PQS interface view bug and deployment model change in Canton 3.4
This announcement is for validator operators who use the Participant Query Store (PQS). It describes a fixed PQS bug. It is recommended for PQS users to upgrade to the latest PQS version 3.4.3. Note that the PQS Docker image deployment model has changed and this is described below.
You can retrieve the new PQS Docker image from europe-docker.pkg.dev/da-images/public/docker/participant-query-store:3.4.3. A UI to browse the available images is https://console.cloud.google.com/artifacts/docker/da-images/europe/public/docker%2Fparticipant-query-store. (the version is now stored as a tag)
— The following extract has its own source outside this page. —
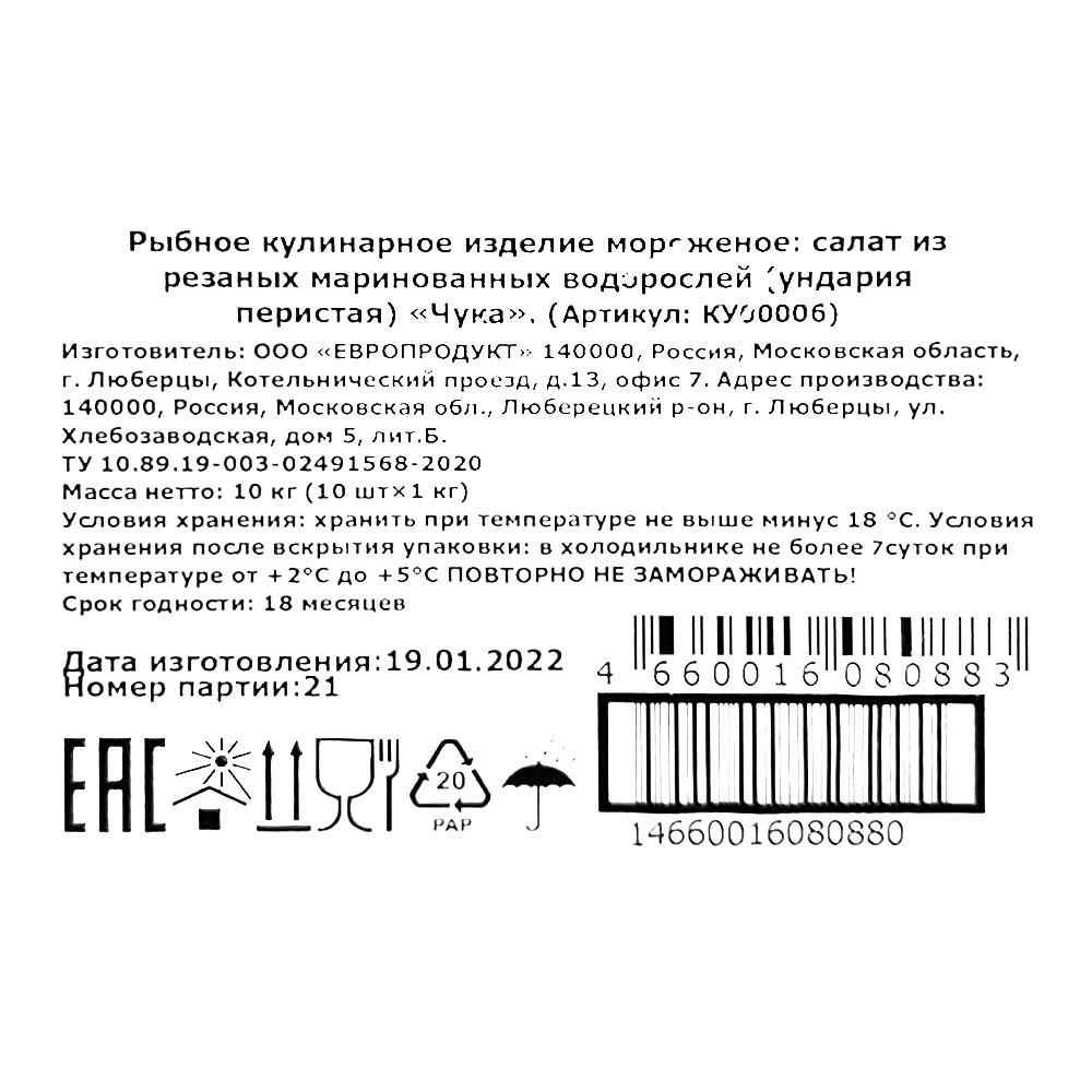 Салат из водорослей "Хияши Вакаме" Чука 1кг (осн.пр.700гр) Tamaki™ Россия (КОД 52423) (-18°С)

Bug fix - DAR vetting race condition with interface views
As mentioned in the #cf-global-synchronizer-appdev channel, there were Splice 0.5.11 Daml model changes that manifested a bug. The workaround was to make the following configuration changes:
- in k8s, set the Helm value on the validator app maxVettingDelay to 0m
- in docker-compose, add to the validator container an environment variable
ADDITIONAL_CONFIG_MAX_VETTING_DELAYwith valuecanton.validator-apps.validator_backend.max-vetting-delay = 0m
This bug is now fixed in PQS version 3.4.3.
The conditions where the bug manifested was:
- A new package version introduces the implementation of a new interface.
- The new package version (i.e., DAR) is uploaded to a validator but is not vetted.
- A contract from this package is created based on the older version. PQS polls the ledger for the new interface views. However, the ledger cannot compute the view because the new package version has not been vetted yet. It returns an empty interface view to PQS.
The symptom of this case is that this error java.lang.ClassCastException: class scala.None$ cannot be cast to class java.lang.String was logged because the empty interface view cannot be converted to the expected view data type. This issue would cause PQS to restart.
With this fix, the unimplemented view will not cause PQS to crash – it will simply be ignored. If this happens, PQS will log a message with the text Ignored an interface view value for contractId.
Breaking Change to the PQS Docker Image Deployment Model
In the past, a single PQS Docker image could be used with multiple Canton versions. This required the deployment to specify a directory (using the Docker -workdir parameter) that matched the Canton version the Docker image was connecting to. This was confusing to users and also constrained how quickly bug fixes (like mentioned above) could be addressed.
To resolve this, the PQS Docker image packaging has been simplified. There is now a separate PQS Docker image per release (e.g., PQS version 3.4.3). Please remove the --workdir parameter as it is no longer needed. For example, this command line works now for PQS version 3.4.3: docker run -it europe-docker.pkg.dev/da-images/public/docker/participant-query-store:3.4.3 --version.